FOMC Meeting/Powell Presser: By The NumbersBy admin_45 in Blog
Three thoughts on today’s FOMC meeting and Chair Powell press conference for “Data”:
#1: Powell’s comments reminded us of an important fact that doesn’t get enough attention: the Fed is trying to accomplish 2 very different goals with its monetary policy response to the Pandemic Recession.
- The first is to follow its mandate and do what it can to maximize employment in the context of stable prices.
- The second is to reset market and consumer expectations regarding inflation from the abnormally low levels of the 2010s to something that more closely matches its 2 percent long-run target.
The two goals are distinct, and one could rightly criticize the Fed for using a crisis to solve problems unrelated to the very serious issues it creates. But … “Never let a crisis go to waste” is a longtime Washington DC aphorism and the Fed has clearly embraced it.
For example, Powell mentioned that market-based measures of future inflation expectations are only back to levels consistent with the early 2010s, and this chart of 5- and 10-year TIPS implied inflation shows he is correct on that point. Current levels of 2.3 – 2.4 percent are similar to 2013. The broader point he made was that the long stretches of sub-2.0 percent inflation expectations (2015 – 2019) were signs that the market did not believe the Fed could consistently reach its 2 percent inflation objective. That’s what he’s focused on “fixing” now.
While not entirely dismissing concerns about how US consumers see inflation just now, he did caution that measures like the NY Fed Survey of Consumer Expectations has a short track record. Again, that’s true, as the chart below shows; the data only goes back to mid 2013. What Powell did not say (but we will) is that this survey shows consumers consistently guess high on future inflation. He did, however, point out that 1-year expectations (5.2 pct) are higher than 3-year expectations (4.0 pct) and in his opinion that shows consumers see current inflation as more temporary than permanent.
Takeaway: it is totally reasonable to say that the Federal Reserve generally and Chair Powell specifically tend to sound too dismissive of current inflationary trends present in the US economy, but that is certainly consistent with their desire to reset market and consumer expectations. Now, using the pandemic shock to solve an unrelated structural problem is not to everyone’s liking and that’s a fair criticism in our view. Still, markets are thus far unconcerned that this strategy will backfire. We think that’s also fair, if only because the US economy has a much longer track record of lower rather than higher inflation.
#2: Unless the US economy goes horribly awry in the next few months, bond purchase tapering is now a fait accompli so markets will turn their attention to an eventual Fed Funds rate liftoff. The “dot plot” of FOMC members’ expectations for future policy did show more participants inclined to increase rates next year (3 at 2 rate hikes, 6 at one, 9 at no increase).
Markets took that message to heart. The image below is the CME FedWatch tool’s probabilities for different rate scenarios in December 2022, taken just before the NY stock market close today. The odds of at least 1 rate hike next year increased from 55 percent yesterday to 63 percent today. The largest shift in these probabilities occurred in the “2 rate hike” scenario, which went from 14 percent yesterday to 19 percent today.
Takeaway: today’s FOMC meeting essentially took the odds of a 2022 rate hike back to before Chair Powell gave his dovish Jackson Hole speech (compared rightmost column, August 20th, to today). As such, the “dots” didn’t really say anything that markets haven’t already known for over a month. The US economy continues to improve, and the Fed will likely raise rates next year. History shows that the first rate hike rarely kills equity market rallies, so on its own this is not worrisome.

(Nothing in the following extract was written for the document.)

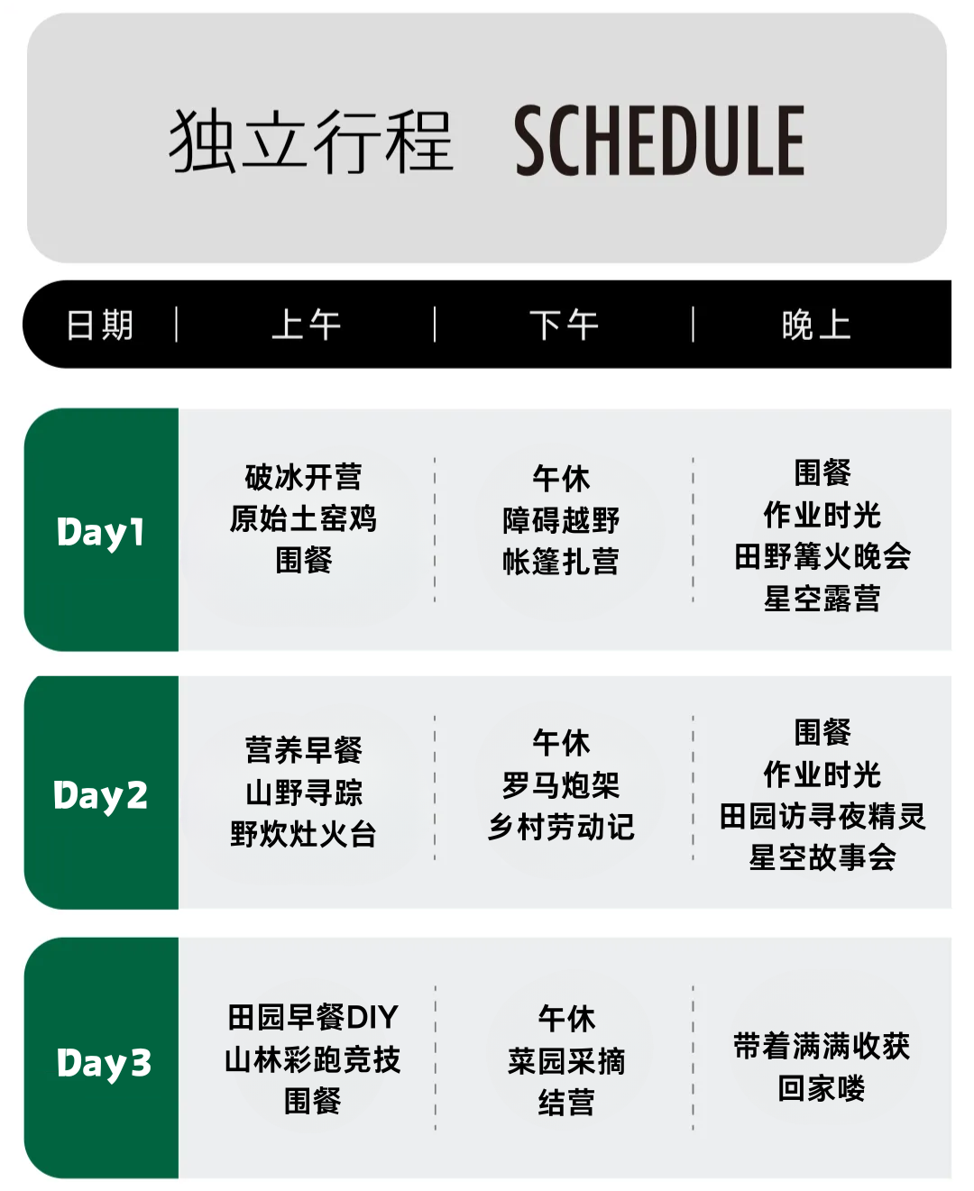 1、课程设计费、活动策划费、全程活动导师、研学物料费、活动餐费(5正2早)、往返大巴车费、住宿费(双人帐篷)

#3: Two non-policy related topics caught our attention:
- Powell is clearly upset about the trading activity of regional presidents Kaplan and Rosengren. By “upset” we mean that his demeanor when answering press questions about the issue (there were 3) resembled someone who would fire these individuals tomorrow if he could.
From a market standpoint, the only reason this issue matters is if it reduces the possibility that Powell will be renominated. PredictIt odds of his seeing another term as Chair remain high at 75 percent, but that’s down from 90 pct before these problems came to light.

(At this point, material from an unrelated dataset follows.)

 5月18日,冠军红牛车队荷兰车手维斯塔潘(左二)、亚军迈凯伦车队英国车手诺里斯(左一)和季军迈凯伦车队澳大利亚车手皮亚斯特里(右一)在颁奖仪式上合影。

- Our friend Jeff Cox of CNBC managed to get 2 questions in about the Fed’s plans for a central bank digital currency at the very end of the Chair press conference. Powell said a discussion paper will be out soon, but said the bar for establishing a US CBDC is “are there clear and tangible benefits?” He also said that he believed both the current administration and Congress would need to approve whatever the Fed might create in terms of a CBDC.
Translation (at least to our ears): no US CBDC is coming for many, many years.
Takeaway: the Federal Reserve is a slow moving, bureaucratic organization and most of the times that is an asset, but sometimes it is also a liability. Fixing PR problems and addressing technological disruption are two issues that fall solidly into the second bucket.